Другие субъективные условия или благоприятные обстоятельства для работы остроумия не в такой степени покрыты мраком. Двигательной пружиной продукции безобидных острот является нередко честолюбивое стремление проявить себя, показать свой ум, что может быть сопоставлено с эксгибиционизмом в сексуальной области. Бесчисленное множество заторможенных влечений, подавление которых сохранило некоторую степень лабильности, создает благоприятное предрасположение для продукции тенденциозной остроты. Таким образом, особенно отдельные компоненты сексуальной конституции человека могут являться мотивами создания острот. Целый ряд скабрезных острот позволяет нам сделать заключение о скрытом эксгибиционистическом влечении их авторов. Тенденциозные остроты, связанные с агрессивностью, удаются лучше
Вторым обстоятельством, требующим исследования субъективной условности остроумия, является тот общеизвестный факт, что никто не может удовлетвориться созданием остроты для самого себя. С работой остроумия неразрывно связано стремление рассказать остроту. И оно настолько сильно, что довольно часто осуществляется даже во время самого серьезного дела. При комическом произведении рассказывание другому лицу тоже доставляет наслаждение, но оно не так властно. Человек, наткнувшись на комическое, может наслаждаться им сам, один. Остроту он, наоборот, должен рассказать. Психический процесс создания остроты не исчерпывается ее выдумыванием. Остается еще нечто, что приводит неизвёстный процесс создания остроты к концу только при рассказывании выдуманного.

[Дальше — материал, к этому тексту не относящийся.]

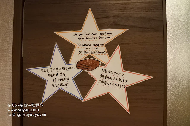 若怕冷的話可以到前台借毛毯,是免費的喔!

Мы, прежде всего, не знаем, на чем основано влечение рассказывать остроты. Но мы замечаем другую своеобразную особенность остроты, которая отличает ее от шутки. Когда мне встречается комическое произведение, я могу сам от всего сердца смеяться. Хотя меня, конечно, радует и возможность рассмешить другого человека рассказом этого комического произведения. По поводу же пришедшей мне в голову остроты, которую я сам создал, я не могу сам смеяться, несмотря на явное удовольствие, испытываемое мною от нее. Возможно, что моя потребность рассказать остроту другому человеку каким-либо образом связана с этим смехотворным эффектом, в котором отказано мне, но который очевиден у другого.
Почему же я не смеюсь по поводу своей собственной остроты? И какова при этом роль другого человека?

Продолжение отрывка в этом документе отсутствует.